The Centre has agreed to constitute special courts to dispose of cases against tainted lawmakers within a year but it seems highly improbable for just 12 courts to decide all such cases — which number over 13,500 — within the timeframe envisaged.

According to the government's affidavit in the Supreme Court, it decided to set up 12 courts across the country on the premise that 1,581 cases were pending against tainted lawmakers which could be easily disposed of within a year. The decision was also influenced by the 11th Finance Commission analysis that one such court could dispose of 165 cases per annum.

However, the number of criminal cases is more than 13,500 as of 2014 and 1,581 is the number of MPs and MLAs facing prosecution. Several tainted lawmakers face multiple cases.

"The figure of 1,581 cases has been obtained from an NGO. However, the data as to in which courts the said cases are pending is not available with the NGO. Since the details as to in which courts the cases are pending is not available, it is difficult to gather facts and figures for answering the query of the court (on number of cases filed against lawmakers after 2014). The government has initiated action by seeking to collect the requisite details from the respective state governments," the Centre said in its affidavit.

SC neta 2

SC neta

If the 12 special courts are assigned the task of conducting trial in 13,500 cases, each court will have to decide 1,125 cases in a year. As a trial court normally functions for around 242 days in a year, the special court will then have to dispose of 4.6 cases per day on average.

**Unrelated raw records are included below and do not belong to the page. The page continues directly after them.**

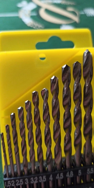 Качество конечно, швах: кривая-косая пластиковая коробка, такие же сверла - по большей части тупые и половина - без маркировки. Тем не менее, ставку оценку "отлично", потому что глупо требовать чего-то большего от набора за ~340 руб. Для дерева, пластика и алюминия - пойдет, для тонкой стали тоже сгодится.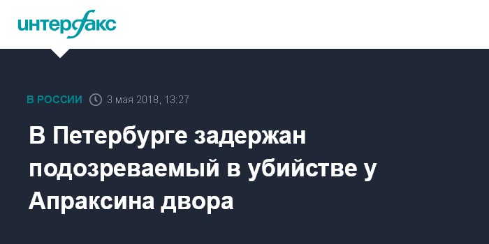 Москва. 3 мая. INTERFAX.RU - Сотрудники правоохранительных органов задержали подозреваемого в резонансном убийстве у рынка Апраксин двор в центре Санкт-Петербурга 30 апреля, сообщает пресс-служба ГУ МВД по Петербургу и Ленинградской области в четверг.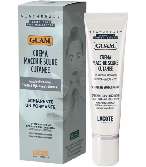 Crema macchie scure cutanee. Agisce sulle macchie scure cutanee dovute all'età, allo stress e alla prolungata esposizione ai raggi solari, schiarendole naturalmente e prevenendone la ricomparsa. La sinergia tra gli attivi schiarenti, nanosfere dermoattive, estratto di alghe guam e vitamina C svolge un'azione enzimatica sulle macchie contrastando il rilascio di melanina da parte dei melanociti, per una pelle più luminosa e compatta.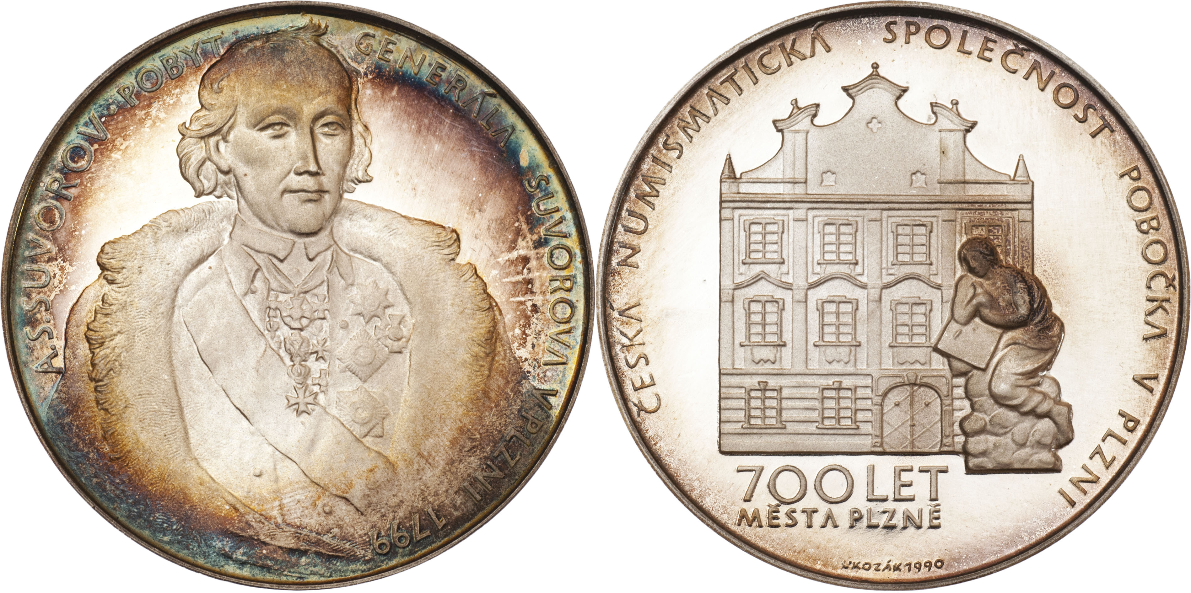 L.Kozák - 700 let Plzně - Suvorov 1990 - poprsí zprava, opis / dům Augustonů, socha, písmo, Sign., Ag900, 60mm, 112.003g, FM.12 (25ks), patina, etue RR!

Pointing out the excessive workload on regular courts, the SC had asked the Centre to set up special courts to deal exclusively with cases against lawmakers. It had said around 4,200 cases were handled by each subordinate court and there was an urgent need to set up special court to implement its order for speedy disposal of cases against MPs and MLAs.

Interestingly, the Centre and the Election Commission did not have data on pending cases against lawmakers and the government relied upon figures supplied by NGO 'Association for Democratic Reforms (ADR)'. As per an ADR report, 1,581 lawmakers were facing criminal trials in 2014 going by the election affidavits filed by them in parliamentary and assembly elections.

Petitioner Ashwini Kumar Upadhyay had earlier informed the SC that such cases numbered 13,680. He said the number of cognisable offences against lawmakers was 9,392 while the rest were non-cognisable offences.